[Provided records]
[Start of Attachment]
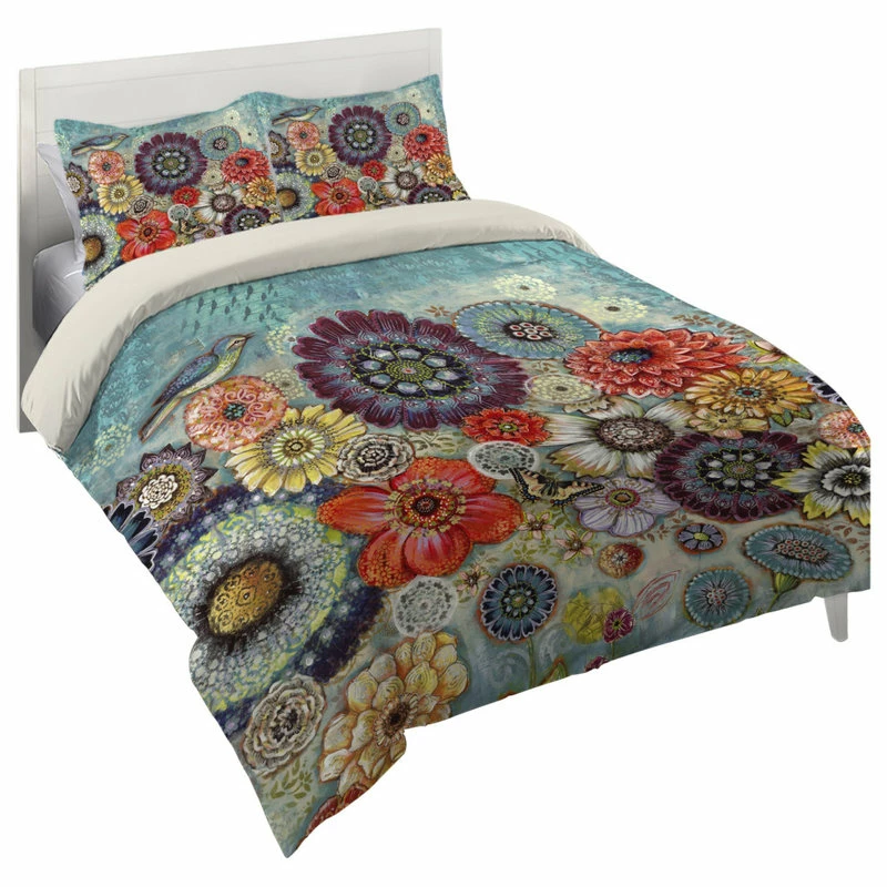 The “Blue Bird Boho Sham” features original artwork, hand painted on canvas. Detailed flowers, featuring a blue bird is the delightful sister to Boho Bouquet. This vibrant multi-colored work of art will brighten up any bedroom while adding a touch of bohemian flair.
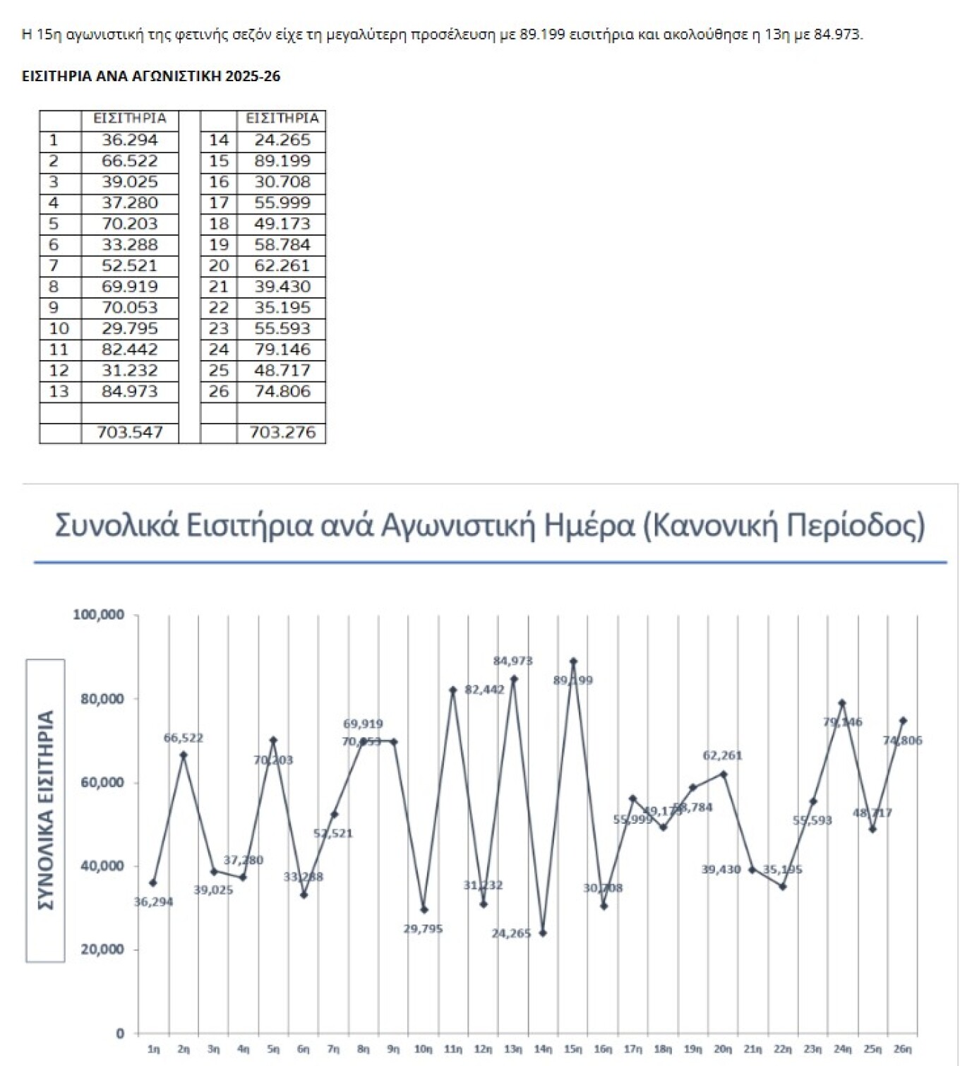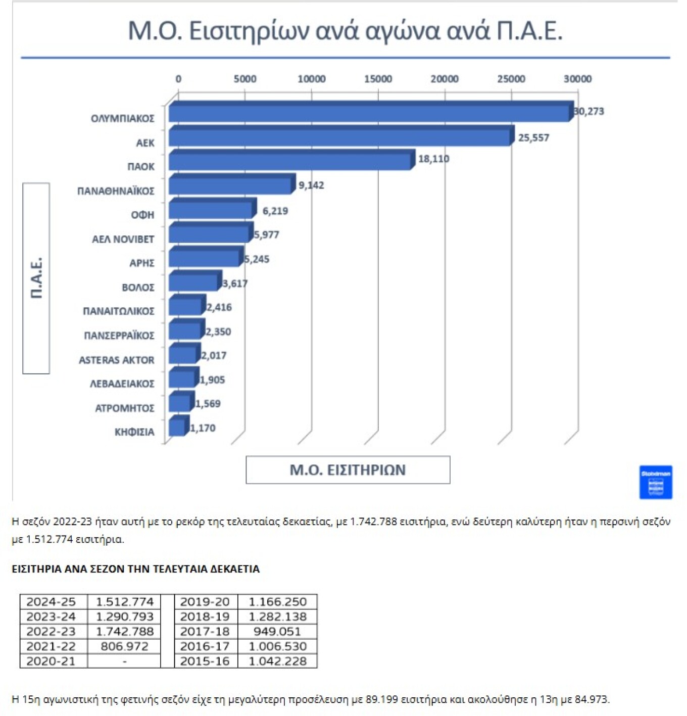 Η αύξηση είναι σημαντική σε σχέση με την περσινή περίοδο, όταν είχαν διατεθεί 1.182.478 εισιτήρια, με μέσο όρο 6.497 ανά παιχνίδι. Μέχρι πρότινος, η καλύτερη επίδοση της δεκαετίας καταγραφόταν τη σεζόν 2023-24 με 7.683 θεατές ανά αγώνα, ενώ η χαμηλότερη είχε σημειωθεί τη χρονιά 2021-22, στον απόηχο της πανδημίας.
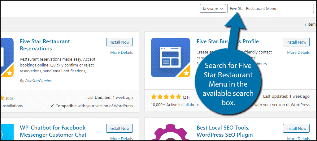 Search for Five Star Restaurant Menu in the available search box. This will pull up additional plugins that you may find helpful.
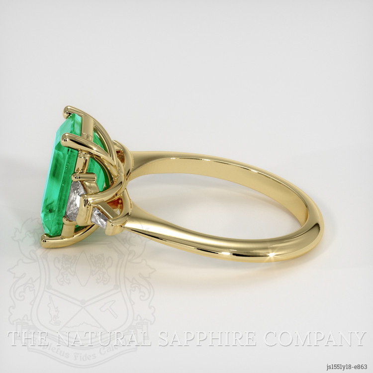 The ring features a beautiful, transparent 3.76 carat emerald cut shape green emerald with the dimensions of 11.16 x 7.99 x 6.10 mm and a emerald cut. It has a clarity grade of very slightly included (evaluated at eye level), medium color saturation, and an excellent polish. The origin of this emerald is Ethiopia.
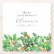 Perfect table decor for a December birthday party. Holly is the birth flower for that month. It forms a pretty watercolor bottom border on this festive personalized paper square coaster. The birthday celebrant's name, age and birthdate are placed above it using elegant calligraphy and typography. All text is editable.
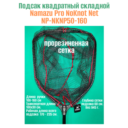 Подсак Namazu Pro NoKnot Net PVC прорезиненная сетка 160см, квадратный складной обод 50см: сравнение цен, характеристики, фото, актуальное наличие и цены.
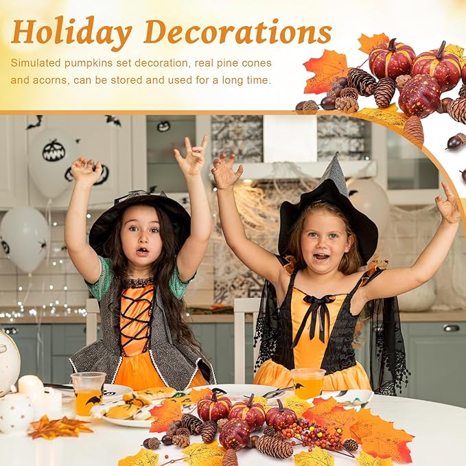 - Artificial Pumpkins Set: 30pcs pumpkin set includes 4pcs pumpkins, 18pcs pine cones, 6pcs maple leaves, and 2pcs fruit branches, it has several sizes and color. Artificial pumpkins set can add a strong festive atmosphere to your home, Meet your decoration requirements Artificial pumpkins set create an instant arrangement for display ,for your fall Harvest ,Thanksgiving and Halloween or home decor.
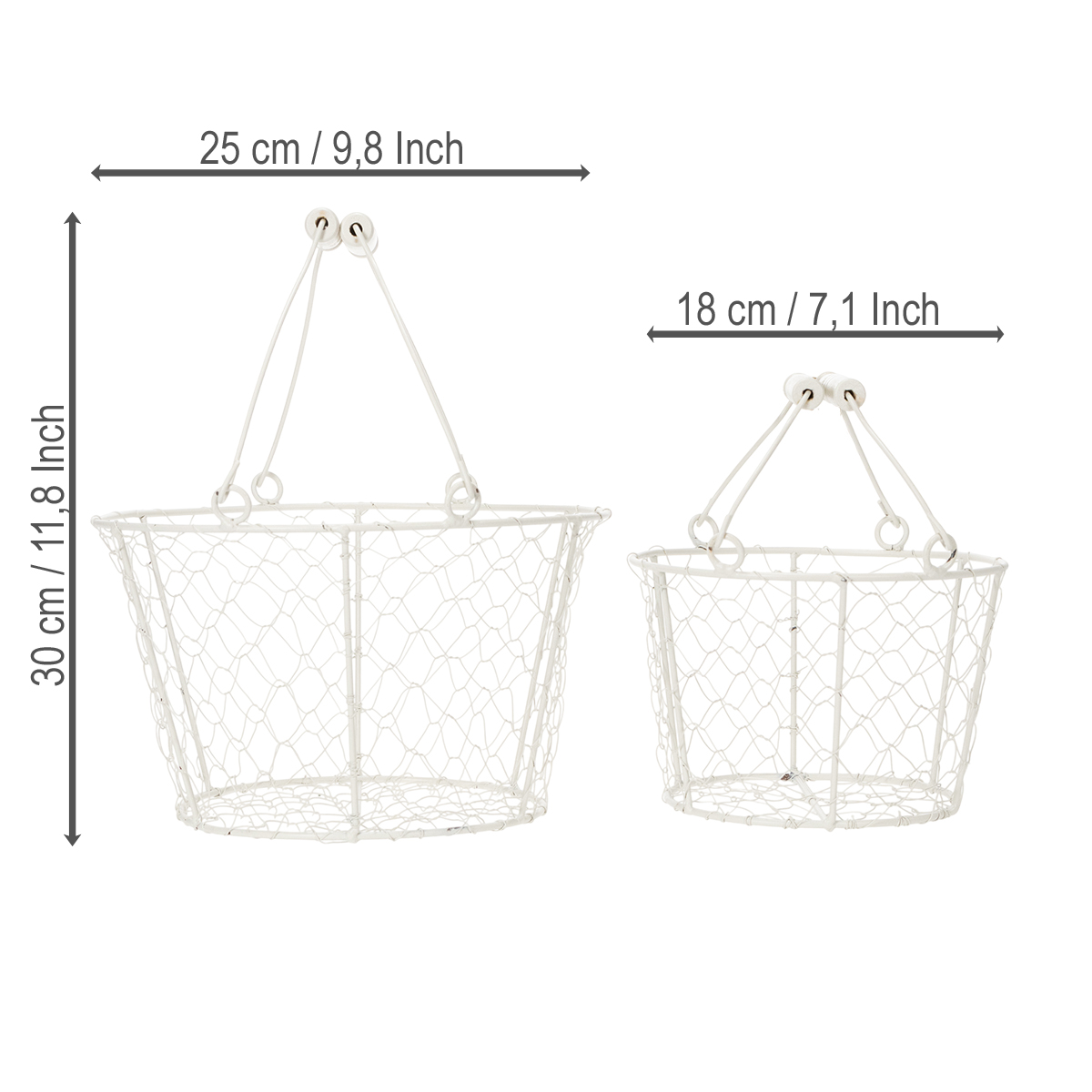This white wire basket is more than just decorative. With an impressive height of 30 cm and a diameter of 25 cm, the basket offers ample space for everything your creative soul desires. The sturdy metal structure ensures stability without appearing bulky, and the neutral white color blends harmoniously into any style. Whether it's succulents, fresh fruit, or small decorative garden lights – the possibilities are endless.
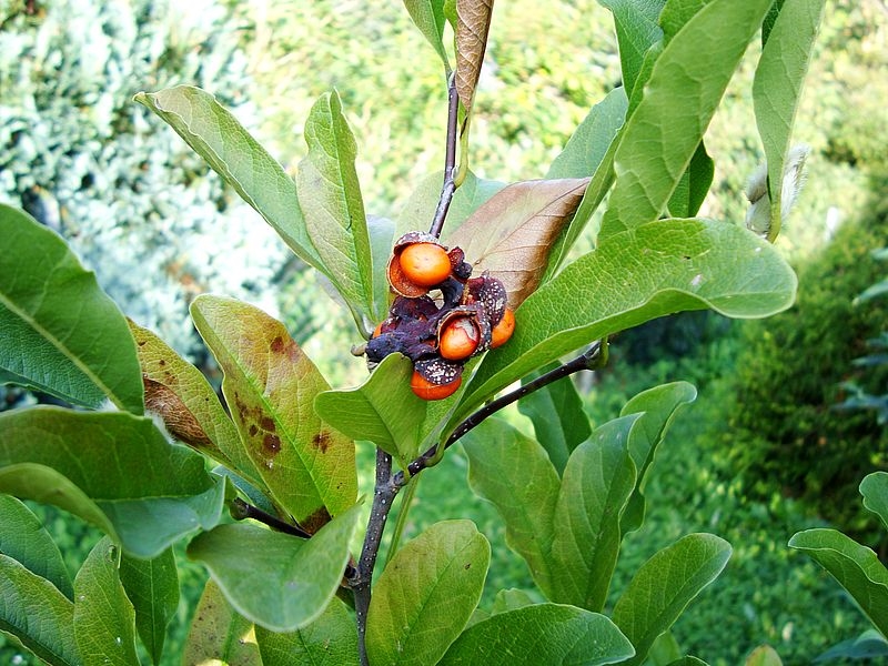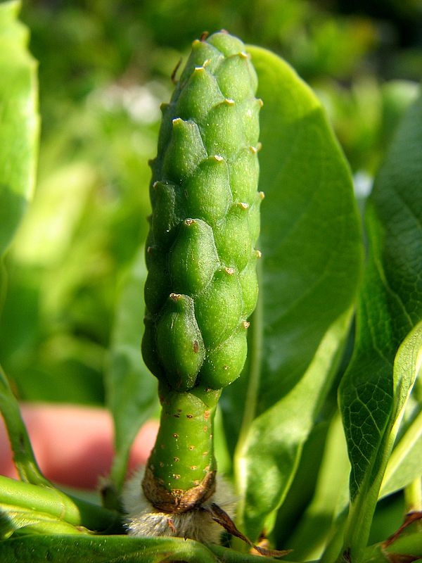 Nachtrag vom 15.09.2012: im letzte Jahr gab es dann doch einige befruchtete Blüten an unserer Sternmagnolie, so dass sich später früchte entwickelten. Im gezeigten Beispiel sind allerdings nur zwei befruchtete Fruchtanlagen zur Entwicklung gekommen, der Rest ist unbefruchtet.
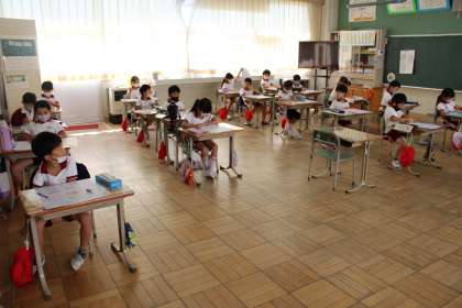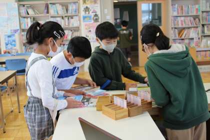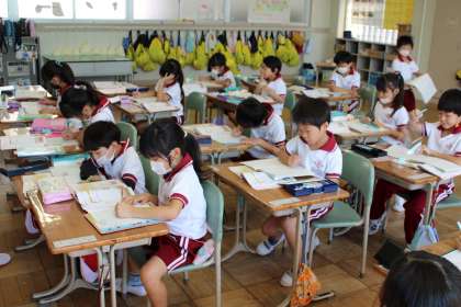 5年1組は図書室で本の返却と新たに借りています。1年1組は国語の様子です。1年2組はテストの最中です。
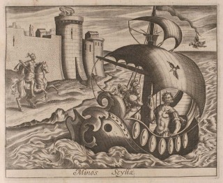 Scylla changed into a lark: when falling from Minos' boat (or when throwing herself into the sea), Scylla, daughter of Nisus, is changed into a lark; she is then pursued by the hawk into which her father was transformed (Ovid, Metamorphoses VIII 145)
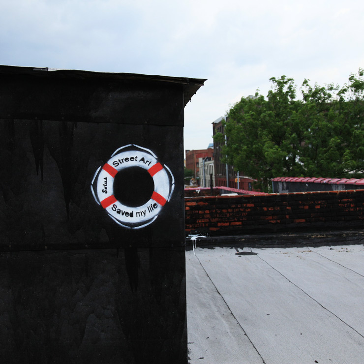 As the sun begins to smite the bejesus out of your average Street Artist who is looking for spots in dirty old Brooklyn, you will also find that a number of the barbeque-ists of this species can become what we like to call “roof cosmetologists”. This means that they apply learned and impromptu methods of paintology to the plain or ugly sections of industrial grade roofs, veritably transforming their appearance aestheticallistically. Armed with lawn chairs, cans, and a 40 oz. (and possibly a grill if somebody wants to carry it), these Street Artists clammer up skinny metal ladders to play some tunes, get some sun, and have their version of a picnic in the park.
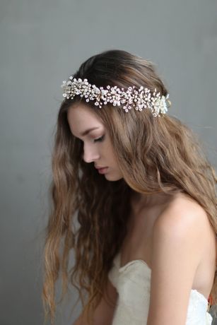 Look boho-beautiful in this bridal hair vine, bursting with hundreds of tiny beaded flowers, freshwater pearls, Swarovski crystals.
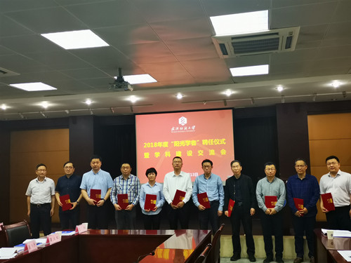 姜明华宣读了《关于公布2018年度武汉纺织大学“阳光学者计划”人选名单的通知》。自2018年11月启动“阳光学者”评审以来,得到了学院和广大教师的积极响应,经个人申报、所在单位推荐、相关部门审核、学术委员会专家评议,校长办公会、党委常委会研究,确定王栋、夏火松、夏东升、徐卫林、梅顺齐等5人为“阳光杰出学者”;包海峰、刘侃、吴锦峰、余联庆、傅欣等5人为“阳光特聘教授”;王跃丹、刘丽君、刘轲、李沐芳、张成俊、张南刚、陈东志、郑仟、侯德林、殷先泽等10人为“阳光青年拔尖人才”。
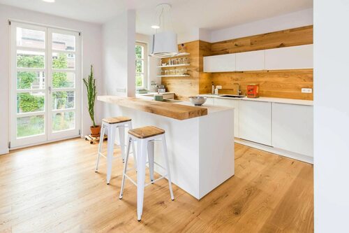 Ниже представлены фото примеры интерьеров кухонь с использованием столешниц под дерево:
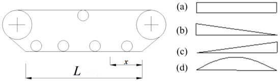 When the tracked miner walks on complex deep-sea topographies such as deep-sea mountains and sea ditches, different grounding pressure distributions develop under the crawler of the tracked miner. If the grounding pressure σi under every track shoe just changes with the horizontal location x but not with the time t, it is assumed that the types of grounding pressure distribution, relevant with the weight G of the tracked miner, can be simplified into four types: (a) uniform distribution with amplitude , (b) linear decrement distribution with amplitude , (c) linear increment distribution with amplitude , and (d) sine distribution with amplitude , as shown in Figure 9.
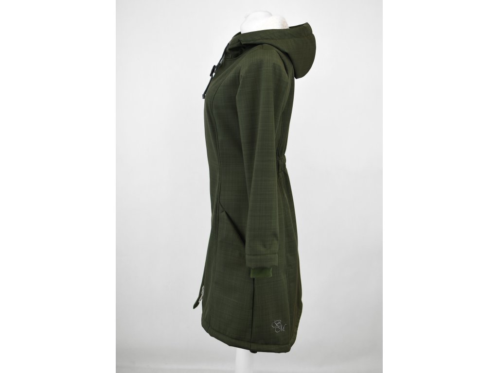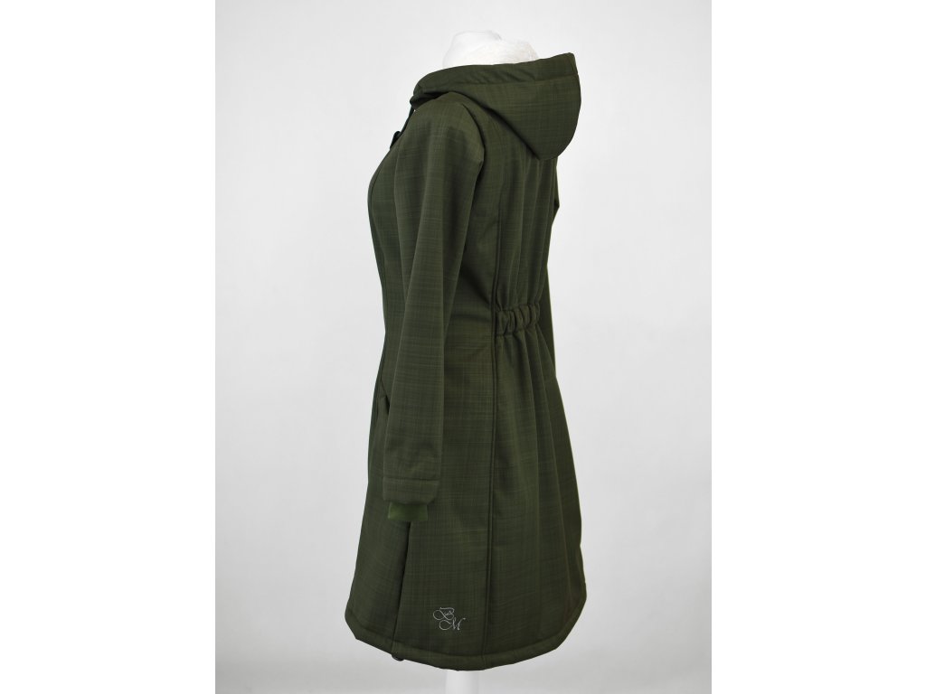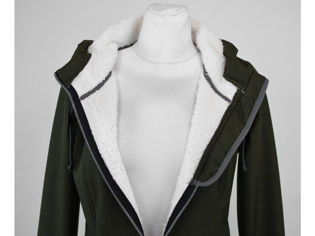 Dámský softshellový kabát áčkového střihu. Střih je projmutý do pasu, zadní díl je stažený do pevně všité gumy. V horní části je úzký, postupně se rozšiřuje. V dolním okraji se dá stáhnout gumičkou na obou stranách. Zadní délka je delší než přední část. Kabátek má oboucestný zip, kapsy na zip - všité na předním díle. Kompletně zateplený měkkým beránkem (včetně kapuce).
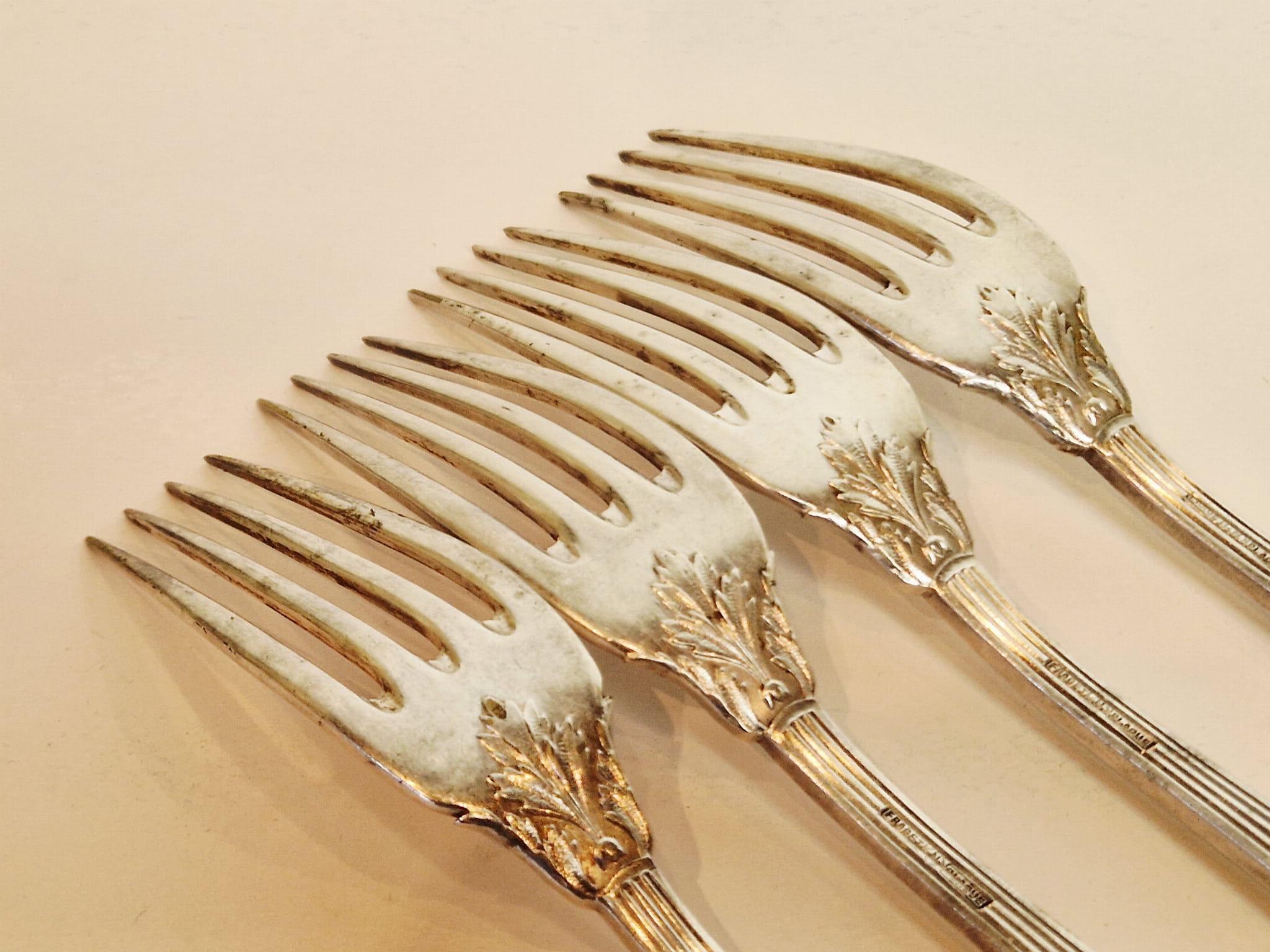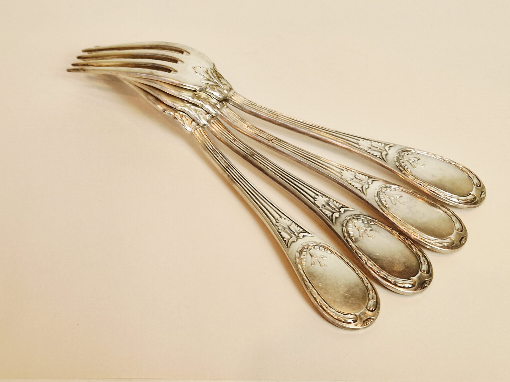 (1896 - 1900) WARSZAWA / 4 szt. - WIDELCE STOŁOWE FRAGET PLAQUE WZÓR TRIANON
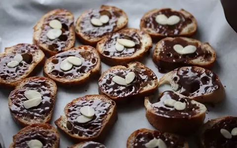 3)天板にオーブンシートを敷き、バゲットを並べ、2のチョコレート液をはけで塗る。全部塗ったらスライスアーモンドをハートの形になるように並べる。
[End of Attachment]
[Task description]
The lines to be quoted run from the line containing "(1896 - 1900)" through the end of the entries above, both included; quote them exactly and leave out any pictures.

[Your solution]
 (1896 - 1900) WARSZAWA / 4 szt. - WIDELCE STOŁOWE FRAGET PLAQUE WZÓR TRIANON
 3)天板にオーブンシートを敷き、バゲットを並べ、2のチョコレート液をはけで塗る。全部塗ったらスライスアーモンドをハートの形になるように並べる。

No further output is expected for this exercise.